ECLI:NL:CRVB:2019:555
Centrale Raad van Beroep
- Hoger beroep
- Rechtspraak.nl
Intrekking en terugvordering van bijstand wegens niet melden van op geld waardeerbare arbeid
In deze zaak heeft de Centrale Raad van Beroep op 12 februari 2019 uitspraak gedaan in hoger beroep tegen een eerdere uitspraak van de rechtbank Oost-Brabant. De appellant, die bijstand ontving, had niet gemeld dat hij op geld waardeerbare werkzaamheden verrichtte in de periode van 1 november 2015 tot en met 31 maart 2016. Het college van burgemeester en wethouders van 's-Hertogenbosch had de bijstand van de appellant ingetrokken en de gemaakte kosten van bijstand teruggevorderd, omdat de appellant zijn inlichtingenverplichting had geschonden. De Raad bevestigde de beslissing van het college, waarbij werd gesteld dat de appellant niet aannemelijk had gemaakt dat hij recht had op bijstand indien hij wel aan zijn verplichtingen had voldaan.

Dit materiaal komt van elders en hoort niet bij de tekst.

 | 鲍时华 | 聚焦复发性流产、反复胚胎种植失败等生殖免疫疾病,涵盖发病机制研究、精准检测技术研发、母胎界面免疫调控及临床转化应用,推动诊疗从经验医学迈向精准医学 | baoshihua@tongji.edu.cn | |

De Raad overwoog dat de onderzoeksbevindingen voldoende grondslag boden voor de conclusie dat de appellant in de genoemde periode op geld waardeerbare arbeid had verricht. De appellant had verklaard dat hij werkzaamheden had verricht bij een kappersbedrijf, en er waren waarnemingen gedaan door medewerkers van de gemeente die bevestigden dat hij daar actief was. De Raad benadrukte dat het voor de verlening van bijstand niet alleen van belang is of er daadwerkelijk inkomsten zijn, maar ook of de betrokkene redelijkerwijs inkomsten kan verwerven.

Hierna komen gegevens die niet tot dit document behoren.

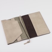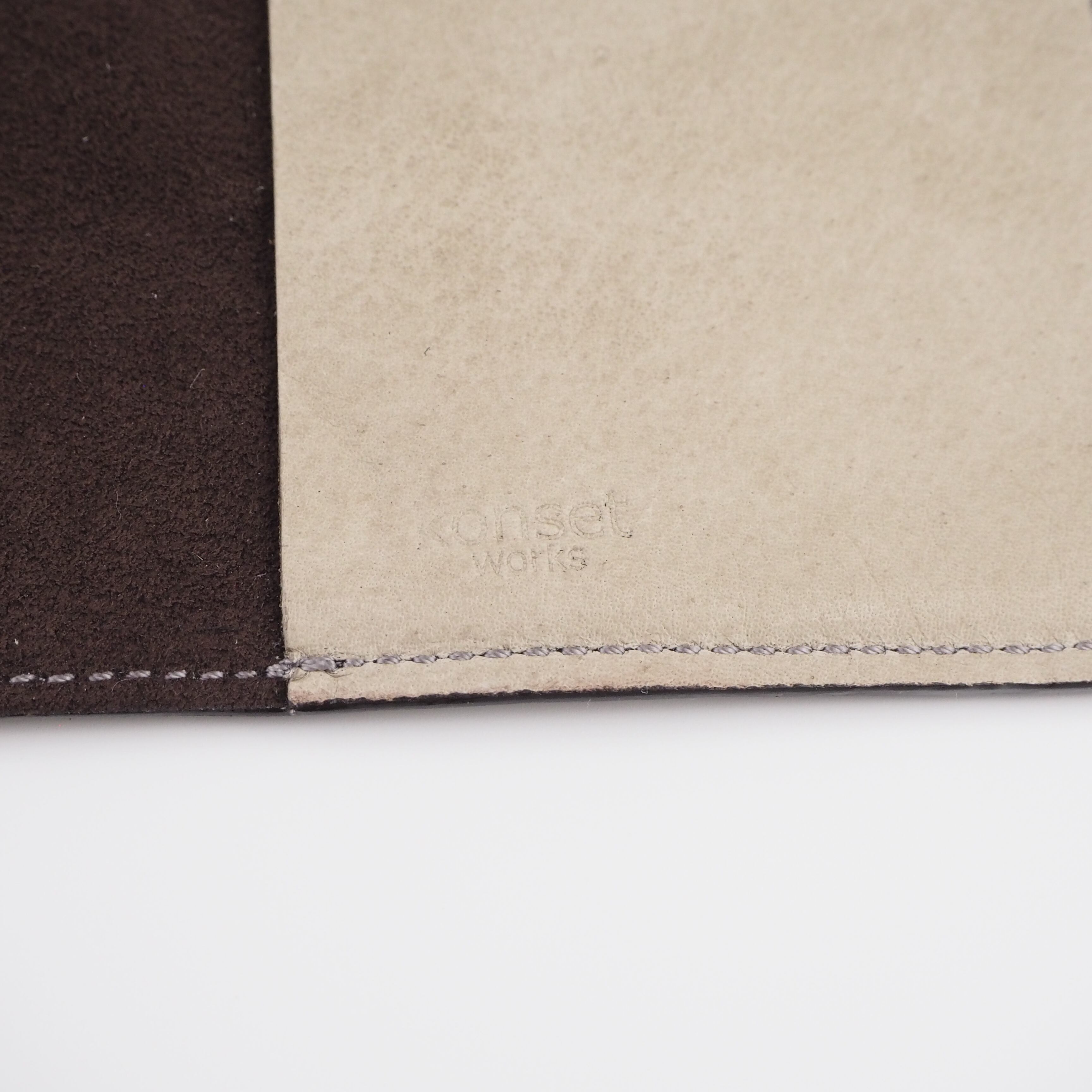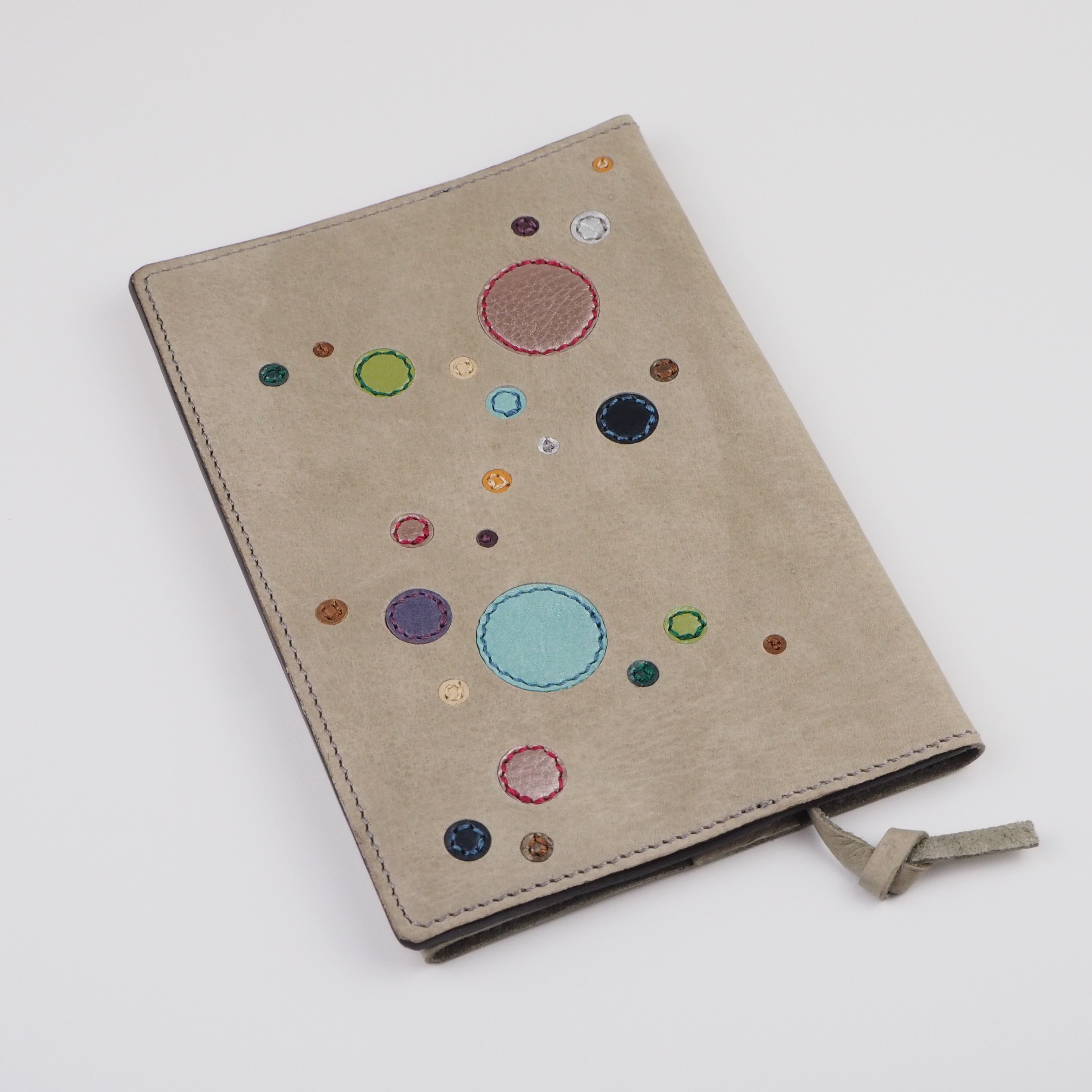 マットなグレーのレザーに、様々な色や質感の丸いレザーを模様にしたポップな見た目のブックカバー。
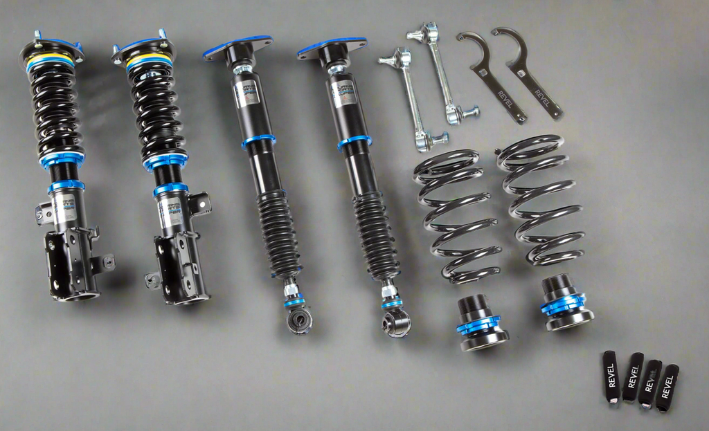 We are excited to announce the next product in the Revel USA lineup! The Touring Sports Damper offers you a sporty yet compliant ride that will enhance your driving experience to new heights. A full case length threaded monotube damper give you greater ride height range and 32 levels of dampening adjustment allows for fine tuning of the ride characteristics. Pillowball upper mounts are included when available as well as Teflon thrust washers to reduce spring binding during suspension movement.
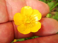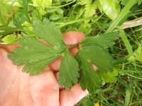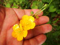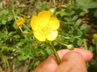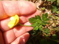 特徴:花びらは5弁で、大きく鮮やかな黄色の花で目立つ。下位葉は3深裂する。
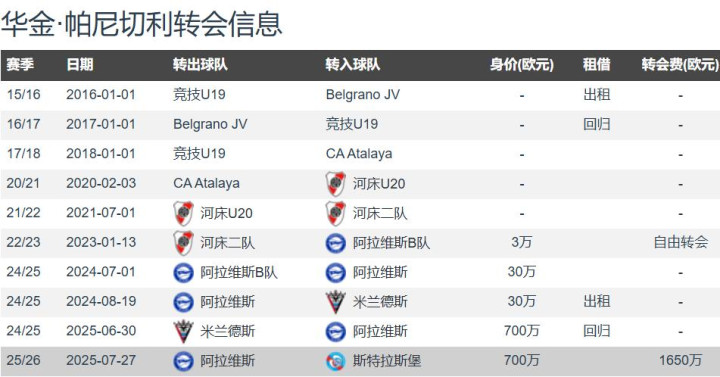 帕尼切利现年23岁,身高1.90米,右脚中锋,德转估价1200万欧元牛客栈策略,相信下一次德转更新,帕尼切利的身价会大幅度提升。阿根廷国家队就是缺乏像帕尼切利这样的高中锋,喜欢逼抢和对抗,这是阿根廷的B计划,世界杯真心要带上帕尼切利,面对铁桶阵和密集防守,或许上一位1.90米的帕尼切利会有奇效,也可以丰富的阿根廷进攻打法。
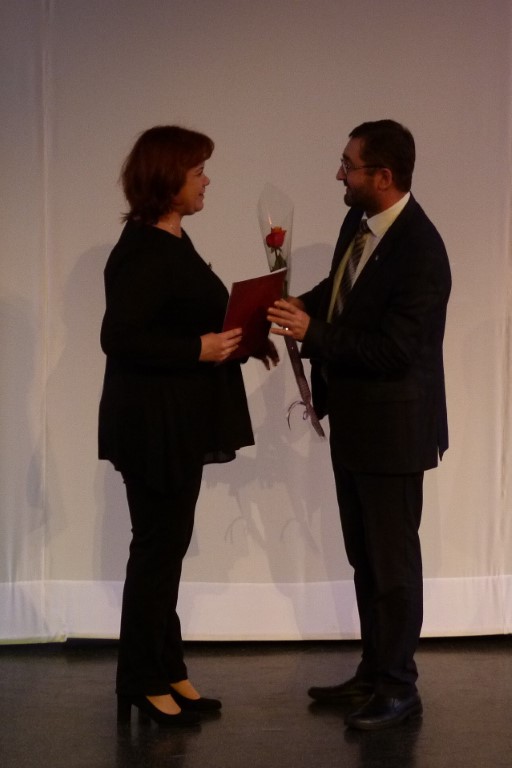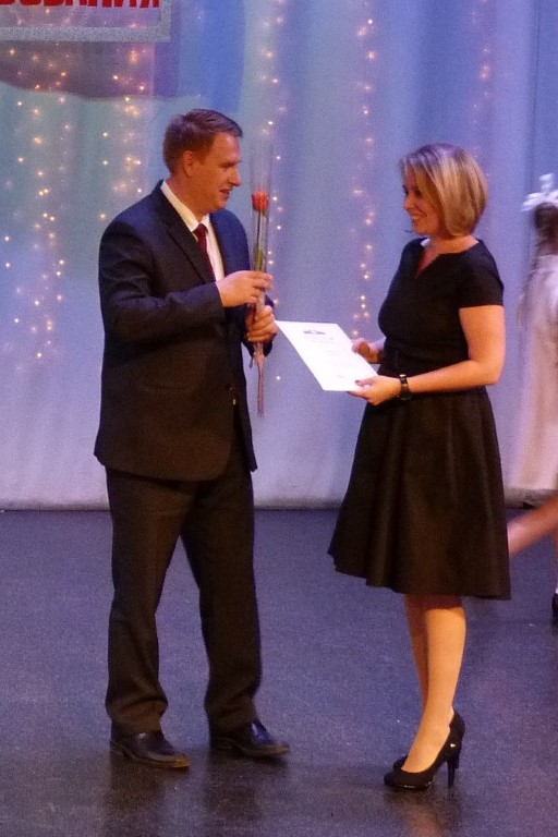 С поздравлениями выступили первые лица города - глава Озерского городского округа Евгений Юрьевич Щербаков, заместитель главы Олег Владимирович Ланге, председатель Собрания депутатов Озерского городского округа Андрей Анатольевич Кузнеченков, председатель профсоюзного комитета городских и коммунальных предприятий Людмила Николаевна Барышникова. Церемония награждения лучших педагогов Почетными грамотами и благодарственными письмами Министерства образования и науки Челябинской области, Главы города, собрания депутатов, Управления культуры проходила при несмолкаемых аплодисментах.

De Raad wees het verzoek van de gemachtigde van de appellant om aanvullende stukken toe te voegen aan het dossier af, omdat deze stukken niet tijdig waren ingediend. De Raad concludeerde dat het college op grond van de Participatiewet (PW) verplicht was om de bijstand in te trekken en de kosten terug te vorderen. De beroepsgrond van de appellant dat de terugvordering onevenredig was, werd verworpen. De uitspraak werd in het openbaar gedaan, en er werd geen proceskostenveroordeling opgelegd.